Exercise details: Lines from the one containing "Este fantástico juego" through the last line of the records below need to be repeated exactly; nothing else, and no pictures.

Dataset records:
^^^^^^^^
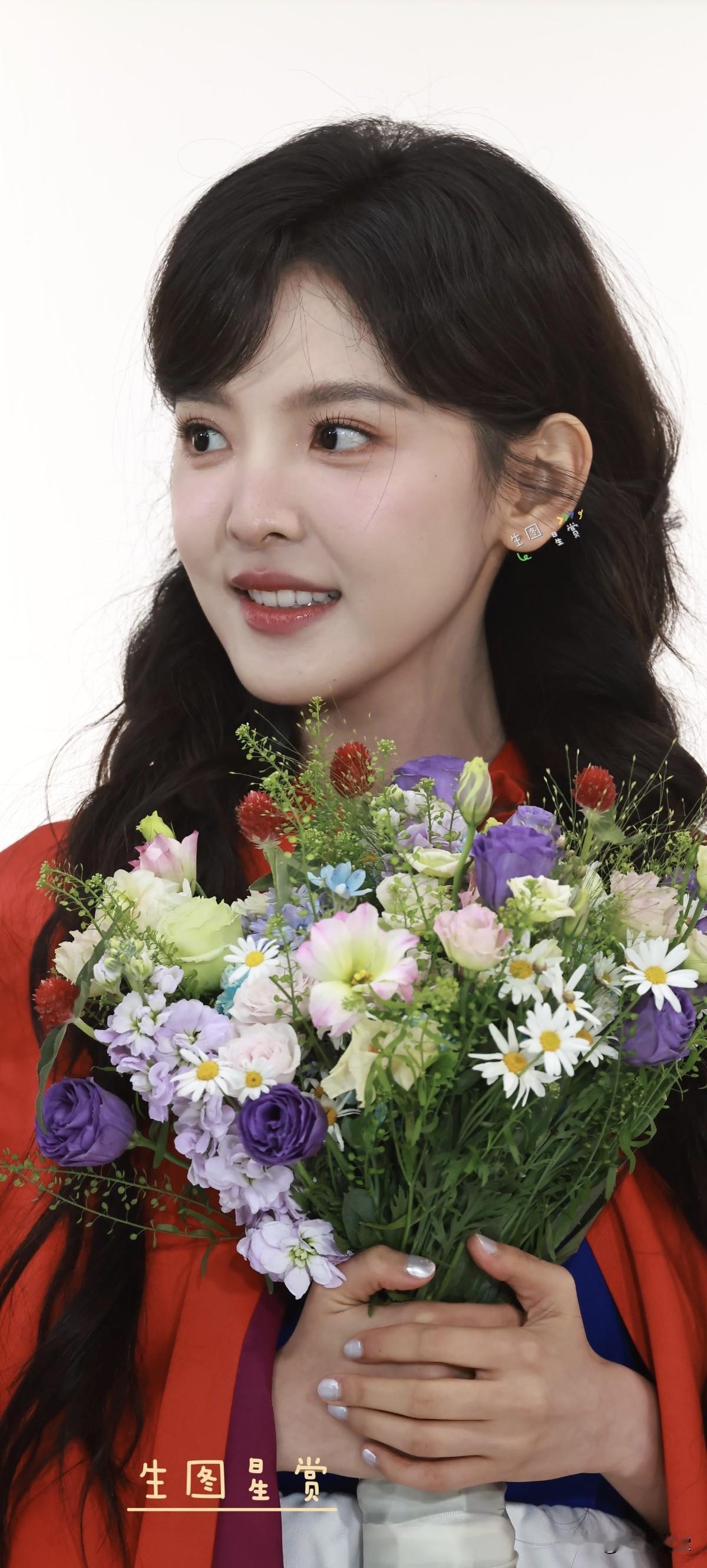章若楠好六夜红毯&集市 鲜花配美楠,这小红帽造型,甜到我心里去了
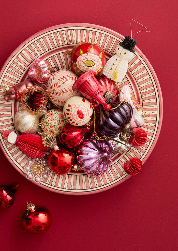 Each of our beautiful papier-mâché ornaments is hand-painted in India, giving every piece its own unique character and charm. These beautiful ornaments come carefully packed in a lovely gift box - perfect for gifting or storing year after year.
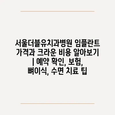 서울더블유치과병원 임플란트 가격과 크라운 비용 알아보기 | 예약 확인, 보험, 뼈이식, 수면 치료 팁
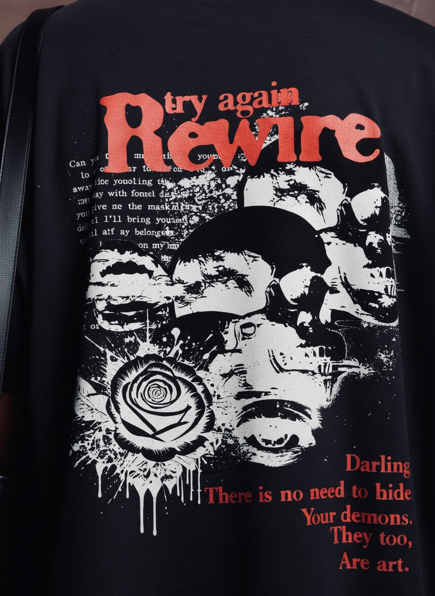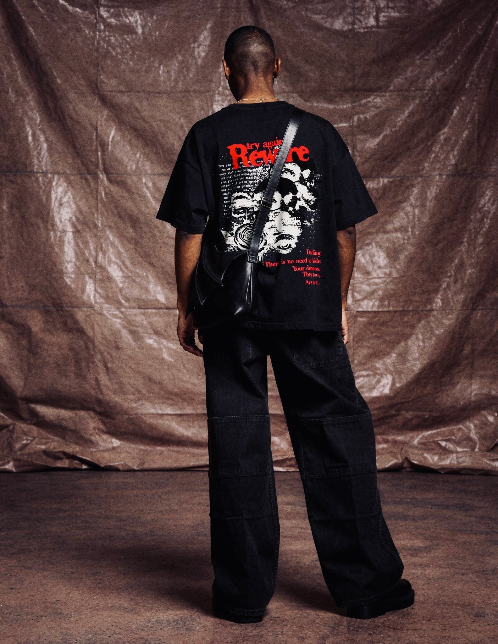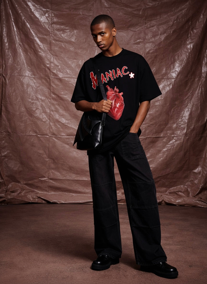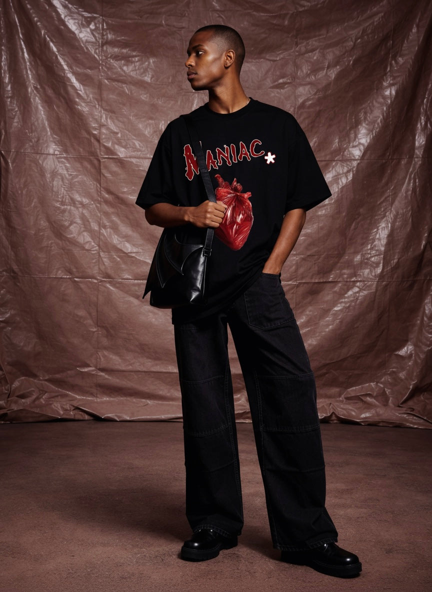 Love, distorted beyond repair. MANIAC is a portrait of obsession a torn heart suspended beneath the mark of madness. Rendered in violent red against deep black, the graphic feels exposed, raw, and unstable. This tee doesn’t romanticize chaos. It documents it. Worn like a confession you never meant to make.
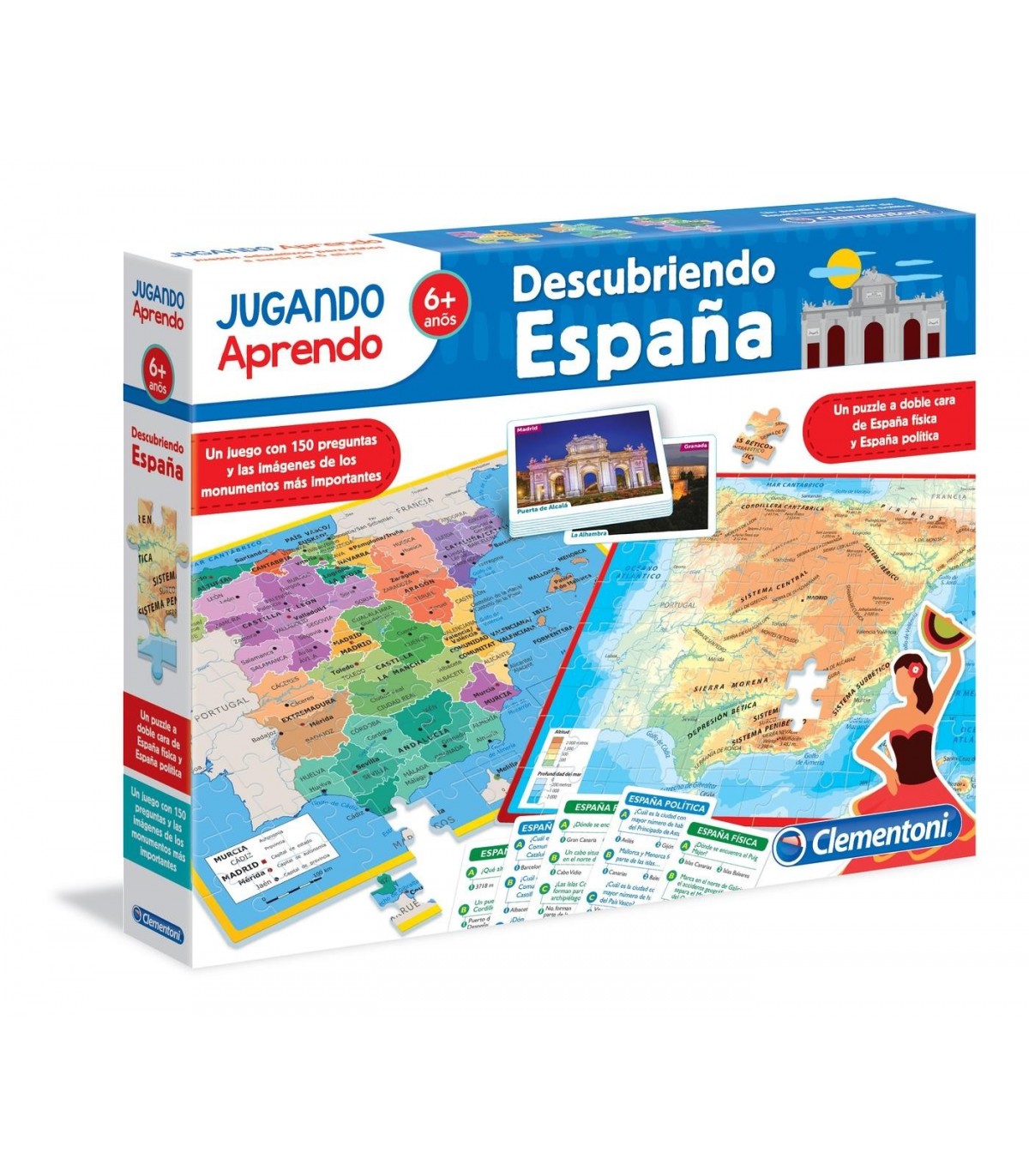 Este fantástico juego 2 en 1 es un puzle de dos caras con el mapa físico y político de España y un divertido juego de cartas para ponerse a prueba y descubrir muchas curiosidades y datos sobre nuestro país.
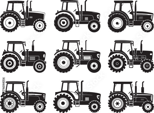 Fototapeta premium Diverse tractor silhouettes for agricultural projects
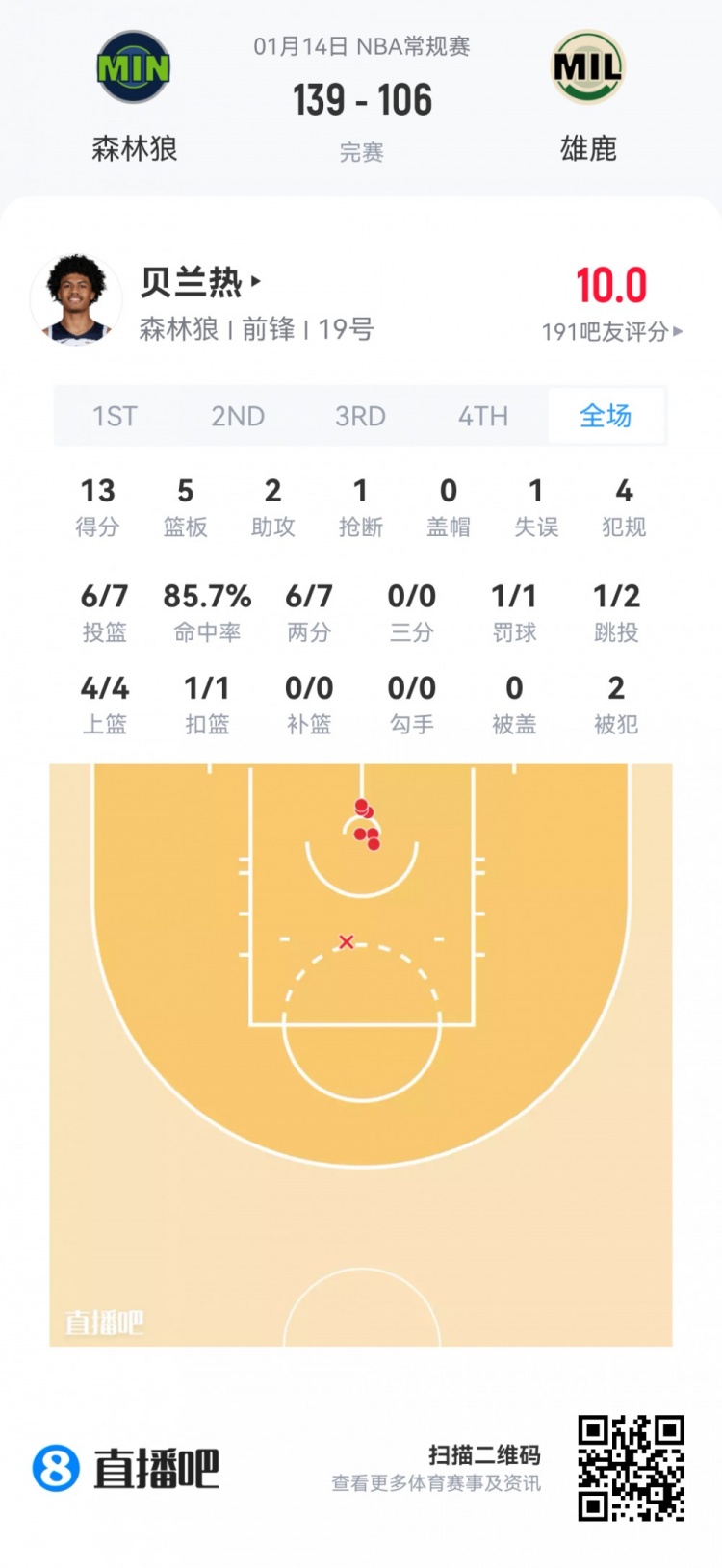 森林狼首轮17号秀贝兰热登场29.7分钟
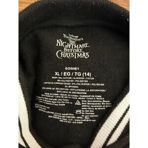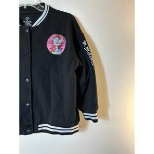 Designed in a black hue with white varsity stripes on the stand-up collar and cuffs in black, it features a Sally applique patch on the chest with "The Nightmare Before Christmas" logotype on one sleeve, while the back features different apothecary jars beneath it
^^^^^^^^
Written answer:
 Este fantástico juego 2 en 1 es un puzle de dos caras con el mapa físico y político de España y un divertido juego de cartas para ponerse a prueba y descubrir muchas curiosidades y datos sobre nuestro país.
 Fototapeta premium Diverse tractor silhouettes for agricultural projects
 森林狼首轮17号秀贝兰热登场29.7分钟
 Designed in a black hue with white varsity stripes on the stand-up collar and cuffs in black, it features a Sally applique patch on the chest with "The Nightmare Before Christmas" logotype on one sleeve, while the back features different apothecary jars beneath it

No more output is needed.